[Start of section]

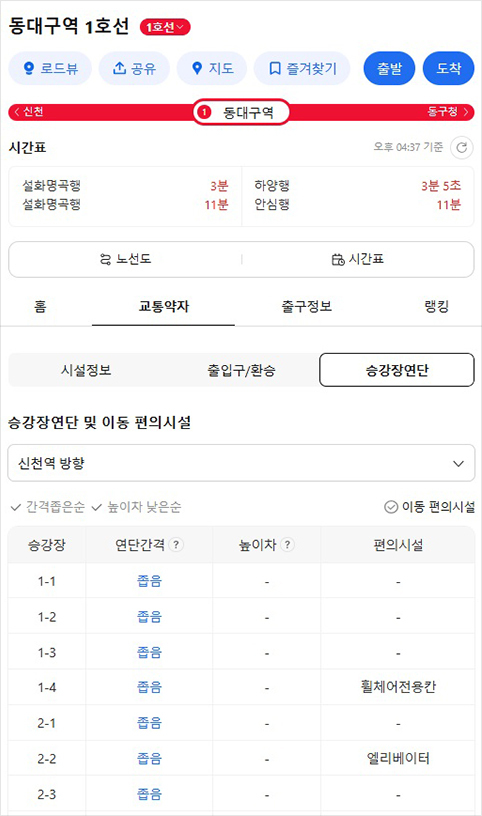카카오맵에서 도시철도 역사를 선택한 뒤 ‘교통약자’ 항목을 누르면 편의시설 정보를 간편하게 볼 수 있다. 이는 교통약자뿐 아니라 일반 이용객에게도 유용한 생활밀착형 공공데이터 서비스로 평가된다.
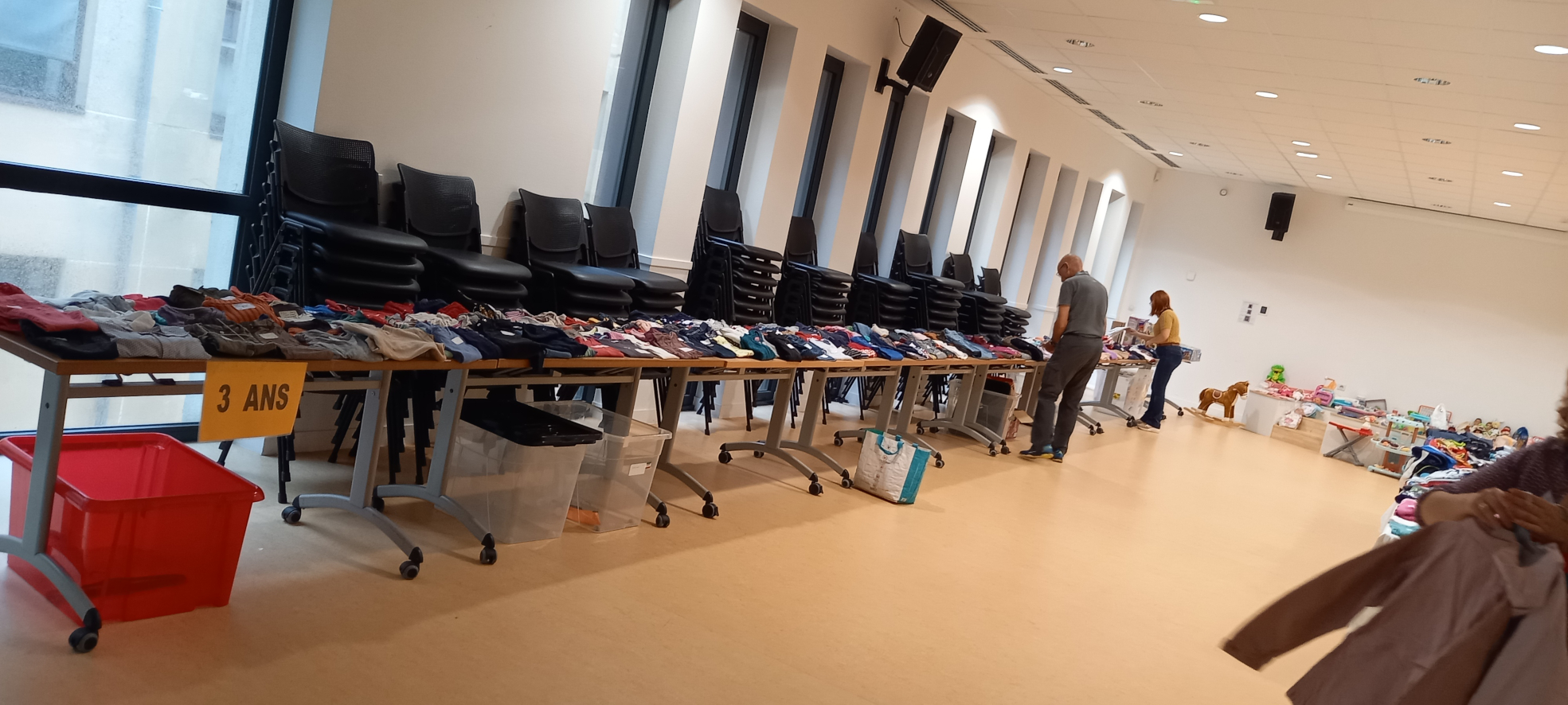 Le dimanche 14 septembre 2025, une dizaine de familles adhérentes de l’association ont participé à notre traditionnelle bourse aux vêtements automne-hiver, en proposant à la vente vêtements, jouets et équipements de puériculture. Le public s’est déplacé en nombre, permettant à chacun de réaliser de belles affaires. Au-delà de l’aspect solidaire et économique, cette journée a surtout été un agréable moment de partage et d’échanges, placé sous le signe de la convivialité et de la bonne humeur entre les membres de l’association.
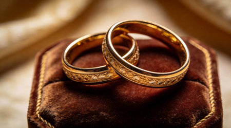 Gold wedding rings designed for newlyweds during the ceremonial marriage ceremony.
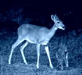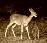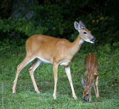 Whitetail doe On watch as its fawn in spots grazes on green grass
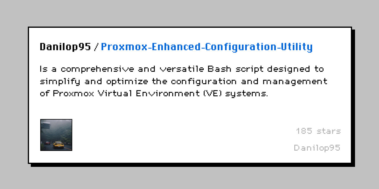 Is a comprehensive and versatile Bash script designed to simplify and optimize the configuration and management of Proxmox Virtual Environment (VE) systems.

[End of section]

## TASK BRIEF
Output must match the lines from the start of the records above through the line that contains "Whitetail doe On", exactly and with every picture removed.

## ANSWER FOR THIS EXERCISE
카카오맵에서 도시철도 역사를 선택한 뒤 ‘교통약자’ 항목을 누르면 편의시설 정보를 간편하게 볼 수 있다. 이는 교통약자뿐 아니라 일반 이용객에게도 유용한 생활밀착형 공공데이터 서비스로 평가된다.
 Le dimanche 14 septembre 2025, une dizaine de familles adhérentes de l’association ont participé à notre traditionnelle bourse aux vêtements automne-hiver, en proposant à la vente vêtements, jouets et équipements de puériculture. Le public s’est déplacé en nombre, permettant à chacun de réaliser de belles affaires. Au-delà de l’aspect solidaire et économique, cette journée a surtout été un agréable moment de partage et d’échanges, placé sous le signe de la convivialité et de la bonne humeur entre les membres de l’association.
 Gold wedding rings designed for newlyweds during the ceremonial marriage ceremony.
 Whitetail doe On watch as its fawn in spots grazes on green grass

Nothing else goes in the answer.